# Taking EMT Basic Course when 17?



## run2thebeat12 (Nov 17, 2008)

I'm 17 and I was wondering if I could take the basic course when I'm 17, but take the final test when I'm 18?  Or do I have to be 18 to enter the course? Please help.  I want to get started as soon as possible.

Thanks


----------



## Code 3 (Nov 17, 2008)

run2thebeat12 said:


> I'm 17 and I was wondering if I could take the basic course when I'm 17, but take the final test when I'm 18?  Or do I have to be 18 to enter the course? Please help.  I want to get started as soon as possible.
> 
> Thanks



Why not just contact the program you're looking to sign up for and ask? :blink:


----------



## traumateam1 (Nov 17, 2008)

Hey, 
Welcome to EMTLife!!

I'm not an American, so I am probably not the best person to answer, but hey.. I know what some people might ask and say, so I'll give it a shot.

I'm gonna guess that it varies from state to state. Which state do you live in?
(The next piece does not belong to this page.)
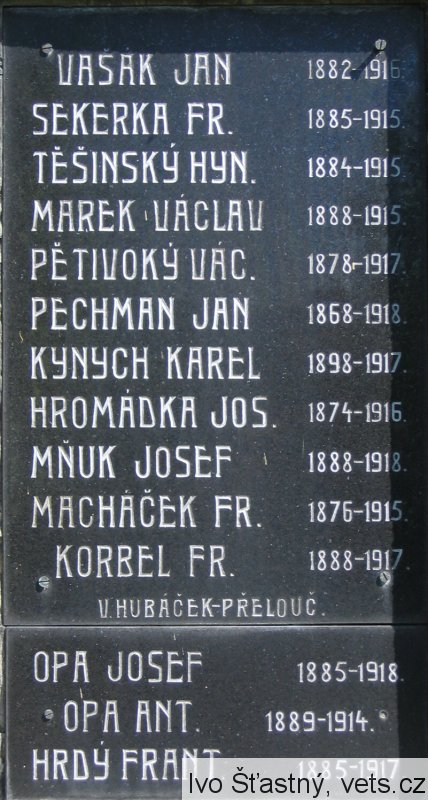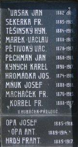 VAŠÁK JAN 1882-1916, SEKERKA FR. 1885-1915, TĚŠINSKÝ HYN. 1884-1915, MAREK VÁCLAV 1888-1915, PĚTIVOKÝ VÁC. 1878-1917, PECHMAN JAN 1868-1918, KYNYCH KAREL 1898-1917, HROMÁDKA JOS. 1874-1916, MŇUK JOSEF 1888-1918, MACHÁČEK FR. 1876-1915, KORBEL FR. 1888-1917, OPA JOSEF 1885-1918, OPA ANT. 1889-1914, HRDÝ FRANT. 1885-1917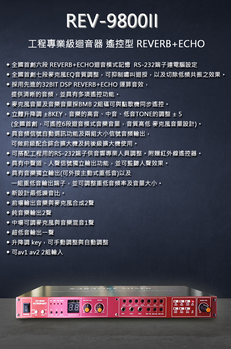 Echo Part REV-9800II 麥克風迴音混音機

Your best bet would be to get on google and find out what kind of regulations are in place for your state. 

For instance, you can get the highest level of industrial first aid (which is an 80 hour course full time) when you are 16. You can enter the course, do the course, and take the test all at 16, however you have an "age restriction" in place until you are 19. This means you cannot be the main first aid attendant at a job site, or on the rigs or anywhere unless there is another OFAIII somewhere in the building, or on site. 

I doubt that it's going to be the same as an EMT-B because you are the ambulance, but think about insurance and liability. You  may be able to take the course and the test and if you pass you get a ticket, but I don't know if you could apply and get a full time job at a stn. at 17.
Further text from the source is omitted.